However, if we’re throwing big chunks of data around like photo, it’s now worth optimizing the User class to ensure that only pertitent data is fetched by default, and photo and friends are only fetched on demand. The lazy population section of Class::DBI’s man page explains how to group the columns by usage so that we can optimize fetches:

    Flox::User->columns(Primary   => qw/id/);
    Flox::User->columns(Essential => qw/status/);
    Flox::User->columns(Helpful   => qw/ first_name last_name email password/)
    Flox::User->columns(Display   => qw/ profile affiliation unistatus /);
    Flox::User->columns(Photo     => qw/ photo photo_type /);

This means that the status and ID columns will always be retrieved when we deal with a user; next, any one of the name, email or password columns will cause that group of data to be retrieved; if we go on to display more information about a user, we also load up the profile, affiliation and university status; finally, if we’re throwing around photos, then we load in the photo type and photo data.

These groupings are somewhat arbitrary, and there needs to be a lot of profiling to determine the most efficient groupings of columns to load, but they demonstrate one principle about working in Maypole: this is the first time in dealing with Maypole that we’ve had to explicitly list the columns of a table, but Maypole has so far Just Worked. There’s a difference, though, between Maypole just working and Maypole working well, and if you want to optimize your application, then you need to start putting in the code to do that. The beauty of Maypole is that you can do as much or as little of such optimization as you want or need.

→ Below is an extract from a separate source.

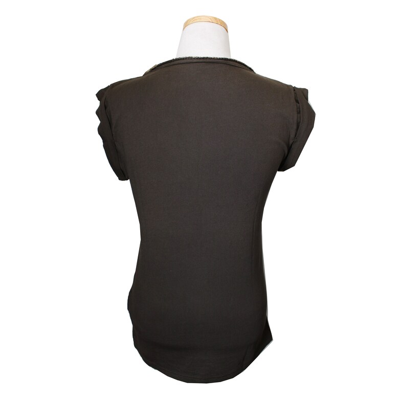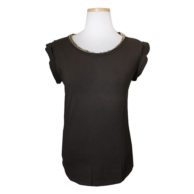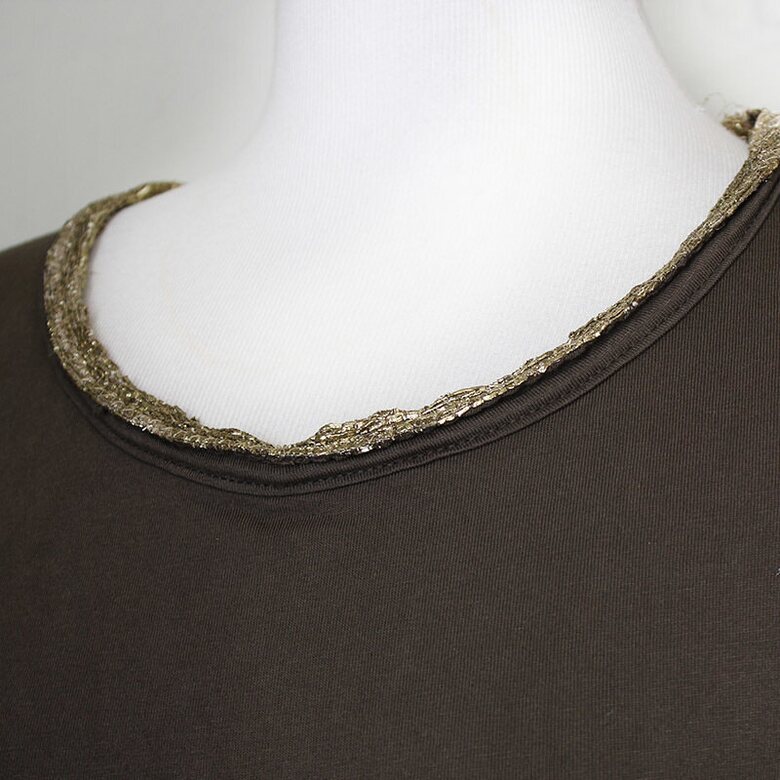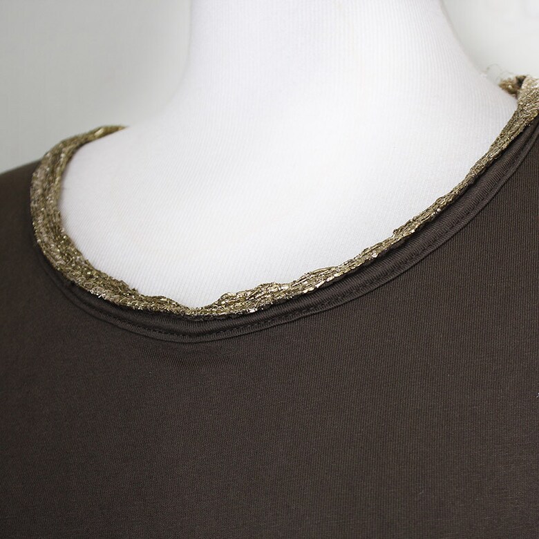 카키 바디에 골드 메탈릭사로 감싼 넥라인과 부담스럽지 않게 어깨를 살짝 가려주는

So now we can view users and their photos. It’s time to allow the users to edit their profiles and upload a new photo.

    Editing user profiles

I introduced Flox to a bunch of friends and told them to be as ruthless as possible in finding bugs and trying to break it. And break it they did; within an hour the screens were thoroughly messed up as users had nasty HTML tags in their profiles, names, email addresses and so on. This spawned another hack in the request cookbook: Limiting data for display. I changed the untaint columns to use html untainting, and all was better:

        html      => [qw/first_name last_name profile/],
        printable => [qw/password/],
        integer   => [qw/affiliation unistatus /],
        email     => [qw/email/]

The next stage was the ability to upload a photo. We unleash the Uploading files recipe, with an additional check to make sure the photo is of a sensible size:

    use constant MAX_IMAGE_SIZE => 512 * 1024;
    sub do_upload :Exported {
        my ($class, $r) = @_;
        my $user = $r->user;
        my $upload = $r->ar->upload("picture");
        if ($upload) {
            my $ct = $upload->info("Content-type");
            return $r->error("Unknown image file type $ct")
                if $ct !~ m{image/(jpeg|gif|png)};
            return $r->error("File too big! Maximum size is ".MAX_IMAGE_SIZE)
                if $upload->size > MAX_IMAGE_SIZE;

            my $fh = $upload->fh;
            my $image = do { local $/; <$fh> };

            use Image::Size;
            my ($x, $y) = imgsize(\$image);
            return $r->error("Image too big! ($x, $y) Maximum size is 350x350")
                if $y > 350 or $x > 350;

        $r->objects([ $user ]);

Now we’ve gone as far as we want to go about user editing at the moment. Let’s have a look at the real meat of a social networking site: getting other people involved, and registering connections between users.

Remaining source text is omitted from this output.